Single by ScHoolboy Q and 21 Savage

from the album CrasH Talk
- Released: June 11, 2019
- Genre: Hip hop; trap;
- Length: 3:06
- Label: TDE; Interscope;
- Songwriters: Quincy Hanley; Ronald LaTour; Johnny Juliano; Shéyaa Bin Abraham-Joseph; Kendrick Duckworth;
- Producers: Cardo; Juliano;

Schoolboy Q singles chronology
| "Chopstix" (2019) | "Floating" (2019) | "Chase the Money" (2019) |

21 Savage singles chronology
| "100 Bands" (2019) | "Floating" (2019) | "Motivation (Savage Remix)" (2019) |

Music video
- "Floating ft. 21 Savage" on YouTube

= Floating (Schoolboy Q song) =

Song by Schoolboy Q featuring 21 Savage

"Floating" is a song by American rapper Schoolboy Q featuring Atlanta-based rapper 21 Savage from the former's fifth studio album Crash Talk (2019). It was sent to rhythmic contemporary radio on June 11, 2019, as the album's third single. The song was produced by Cardo and Johnny Juliano.

== Music video ==
The music video was uploaded onto Schoolboy Q's Vevo channel on YouTube on May 15, 2019. It was directed by Jack Berget and Dave Free.
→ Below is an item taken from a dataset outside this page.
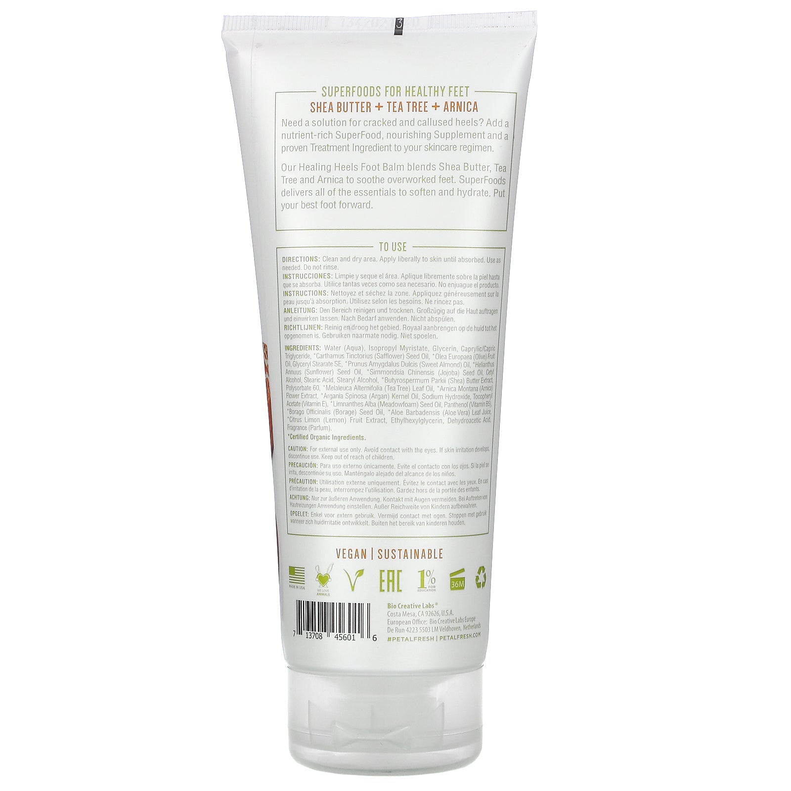 Healing Heels Heal Cracked & Calloused Heels Hydrate Rough, Dry Skin Soothe Itch & Irritation Vegan No Parabens No Sulfates No Phthalates Cruelty Free SuperFoods for Healthy Feet Our Healing Heels Foot Balm is the perfect, natural solution for your cracked and calloused heels. Infused with a powerhouse combination of Shea Butter. Tea Tree and Arnica. Healing Heels will hydrate and moisture rough feet and dry skin so you can put your best "feet" forward. Superfood + Supplement + Treatment Ingredient SuperFoods for feet is a combination of nutrient-rich SuperFood, a nourishing supplement and a proven treatment ingredient to revitalize feet & heels for a healthier appearance. Our Story Based in sunny Southern California, Petal Fresh was started by a group of passionate individuals pursuing a more natural and healthy lifestyle. At Petal Fresh, we believe that what you put on your body is just as important as what you put in it. We infused our formulas with the most natural, Certified Organic ingredients to create effective products, naturally.

In it, Schoolboy Q takes the audience on a tour to Los Angeles, and stop motion effect is used throughout the visual. 21 Savage does not appear in the video.

== Charts ==

| Chart (2019) | Peak position |
|---|---|
| Canada Hot 100 (Billboard) | 56 |
| New Zealand Hot Singles (RMNZ) | 5 |
| US Billboard Hot 100 | 67 |
| US Hot R&B/Hip-Hop Songs (Billboard) | 25 |

| Region | Certification | Certified units/sales |
| New Zealand (RMNZ) | Gold | 15,000^{‡} |
| United States (RIAA) | Platinum | 1,000,000^{‡} |
^{‡} Sales+streaming figures based on certification alone.